Nope, but the (32-bit) kernel needs to see the mmap'ed peripherals + the userspace RAM if implementation of stuff like file reading, etc is to be efficient (without juggling with pages)...

- M
- Matthieu
  
  Contact options for registered users
Vote on answer
posted
16 years ago

Mon, Jul 30, 2007 2:37 AM

Anandtech ran an article which does quite a good job in explaining the 2 and 3 GB barriers.

formatting link

- I
- Ioiod
  
  Contact options for registered users
Vote on answer
posted
16 years ago

Wed, Aug 1, 2007 4:29 AM

Interesting -- on an AMD Athlon X2/5200+ running RHEL Linux 4 update 4 x86_64, just about all Synopsys Design Compiler jobs run FASTER in 64-bit mode than

32-bit mode, between 5-10% faster. THe penalty is slightly larger RAM-footprint, just as you noted. The X2/5200+ is spec'd the same as an Opteron 1218 (2.6GHz, 2x1MB L2 cache..)

This trend was pretty much consistent across all our Linux EDA-tools.

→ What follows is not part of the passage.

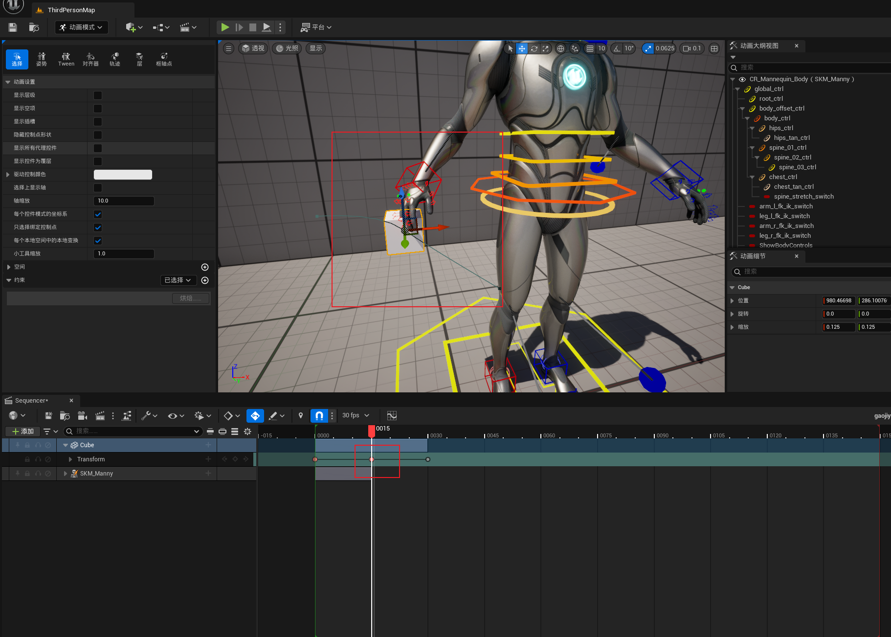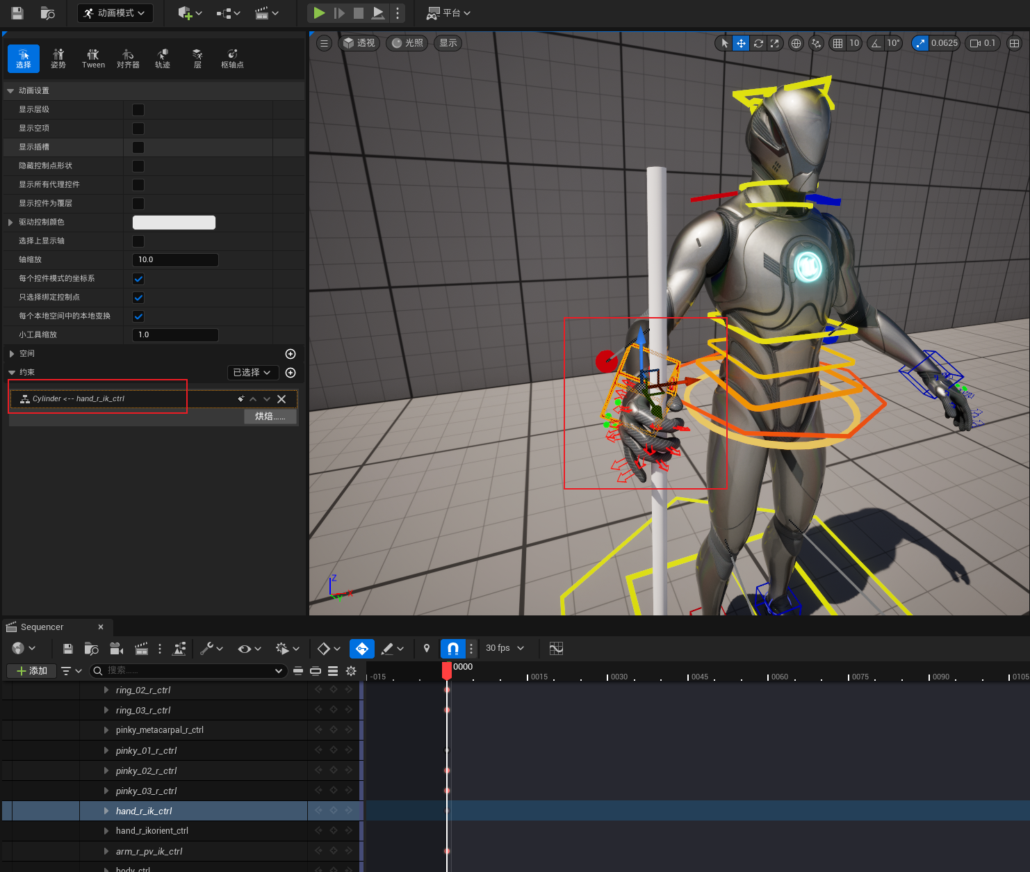 下面我们重新创建一个关卡序列,然后将骨骼网格体添加到序列中,然后将手部控制器使用IK模式。然后我们再创建一个立方体,并且将立方体也添加到序列中。

On Solaris SPARC, 64-bit mode was definitely slower than 32-bit mode, by about

10-20%. For the life of me, I can't understand why the AMD would run 64-bit mode faster than its 32-bit mode -- but for every other machine architecture, 64-bit mode is almost always slower.

I forgot to re-run my 32bit vs 64-bit benchmark on Intel Core2 Duo machines. FOr 64-bit, the Intel E6850 (4MB L2 cache, 3.0GHz) ran anywhere from 50-60% faster than the AMD X2/5200+. Don't worry, no production machines were overclocked (for obvious official, sign/off reasons.) It was just a admin's corner cubicle experiment.

When I ran two separate (unrelated) jobs simultaneously on the AMD and Intel machines, the AMD machine handled dual-tasking much better. AMD only dropped 5-7%, for each job. The E6600 fared a lot worse -- anywhere from

10-30% performance drop. (Though not as bad as the Pentium/3 and Pentium/4 based Xeons.)

I'm wondering if the E6600's unified 4MB L2-cache thrashes badly in dual-tasking. Or maybe the better way to look at it, in single-tasking the 4MB L2-cache is

4X more than the AMD Opteron's 1MB cache per CPU-core.

- I
- Ioiod
  
  Contact options for registered users
Vote on answer
posted
16 years ago

Wed, Aug 1, 2007 4:30 AM

I think that should be qualified to say 64-bit x86_64 Linux binaries run faster than the same binaries compiled for 32-bit x86 Linux.

For other CPU-architectures (MIPs, SPARC, PowerPC, etc.), the opposite is generally true.